Looking for a spontaneous activity on a summer day? Spraygrounds — or playgrounds with a water area — are sprinkled all over the city and suburbs. Here are some of our favorite spraygrounds to cool off on a hot summer day.

Note: As cities and villages slowly reopen their parks to guests, some spraygrounds may be off limits. Always check with your local park deparment before you go. 

Adams Playground Park

Where: 1919 N. Seminary Ave., Chicago

Cost: Free

Tucked away on Seminary Ave. on a quiet, tree-lined Lincoln Park street, this sprayground is a child’s paradise, featuring pipes “springing leaks,” wheels to control water misters, and of course, a short enclosed side that’s perfect for the toddler set. Some playgrounds and spray features are closed while city parks slowly reopen in Phase 4. Check this list from Chicago Parks Department before heading out to see if the sprayground near you is open.

Buffalo Grove Spray ‘N Play

Where: 951 McHenry Road, Buffalo Grove

Cost: $3 per children and adults; kids 12 months and under are free

Featuring more than 20 water toys, sprays and fountains, the Buffalo Grove Spray ‘N Play is one of the largest facilities of its kind. Little ones will love launching water cannons and running beneath — and through — rainbow arches.
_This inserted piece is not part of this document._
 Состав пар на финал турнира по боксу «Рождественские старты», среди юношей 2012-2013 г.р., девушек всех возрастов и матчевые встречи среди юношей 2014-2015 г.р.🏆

Due to capacity restrictions during Phase 4, purchase your tickets in advance to ensure your family has a space at the park. 
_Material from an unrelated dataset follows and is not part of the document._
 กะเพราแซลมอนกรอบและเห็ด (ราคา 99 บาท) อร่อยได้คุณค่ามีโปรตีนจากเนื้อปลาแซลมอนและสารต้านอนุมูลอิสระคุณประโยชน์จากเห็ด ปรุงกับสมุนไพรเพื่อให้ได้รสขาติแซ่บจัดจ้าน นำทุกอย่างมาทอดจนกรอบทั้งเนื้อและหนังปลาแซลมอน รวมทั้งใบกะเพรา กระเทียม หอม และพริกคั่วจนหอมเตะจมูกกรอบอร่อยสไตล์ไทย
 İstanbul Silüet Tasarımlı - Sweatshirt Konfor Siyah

Crown Fountain in Millennium Park

Where: 201 E. Randolph St., Chicago

Cost: Free

While not technically a sprayground, we would be remiss if we didn’t add to this list the most popular water area in all of Chicagoland that comes alive in the summer: the Crown Fountain in Millennium Park. A tradition in the city, kids love to splash around this open area, consisting of two 50-foot glass towers that use projection to give the illusion of water spouting from people’s mouths. When Crown Fountain reopened in June, it was without water. Check Millennium Park’s operating hours and requirements before you go.

Prospect Park Splash Pad

Where: 733 N. Prospect Ave., Park Ridge

Cost: $7, $4 residents for 90-minute time slot

Kids will go nuts for this pirate-themed sprayground, complete with a pirate ship to explore, squirting crabs, and barrels and dripping fish overhead! Register in advance for a time slot, with registration only available in two-week increments. Due to capacity limitations, 40 guests are allowed at the sprayground during each session.

Portage Park Water Playground

Where: 4100 N. Long Ave., Chicago

Cost: Free

Set right in the middle of a zero-depth pool, the Portage Park Water Playground is surrounded by water sprayers. Kiddos can take a wet ride on a tire swing, and manipulate wheels to control water sprayers from every direction. Some playgrounds and spray features are closed while city parks slowly reopen in Phase 4. Check this list from Chicago Parks Department before heading out to see if the sprayground near you is open.

Skokie Water Playground

Where: 4701 Oakton St., Skokie

Cost: $15, $7 residents

This giant multi-level play area houses dozens of jet sprays, a twisty open slide and a 500-gallon drop bucket that soaks everyone when it gets too full! The Water Playground will be open from July 15-Aug. 15. It is highly recommended to purchase passes before you go to select your time slot. 

Splash Island

Where: 1450 Forest Gate Road, Oak Brook

Cost: $12, $10 residents, Free members

Kiddos who visit Splash Island in Oak Brook will feel like they hit the sprayground jackpot. With a zero-depth entry pool, giant wide slides perfect for water races, dumping buckets and jets, Splash Island offers every bit of water fun a child could possibly want. The 90-minute open swim sessions run every two hours and are limited to 25 people each.

Ty Warner Spray Park

Where: 55 E. Richmond Street, Westmont

Cost: $5 children, $3 resident children (adults are free with paid child admission)

This Westmont sprayground is loaded with interactive features for kids of all ages, including mushroom cap waterfalls, dumping buckets and a giant misting whale’s tail. There is a limit of 50 guests at any one time at the park, and if there are guests waiting to enter, two-hour time limits will be enforced.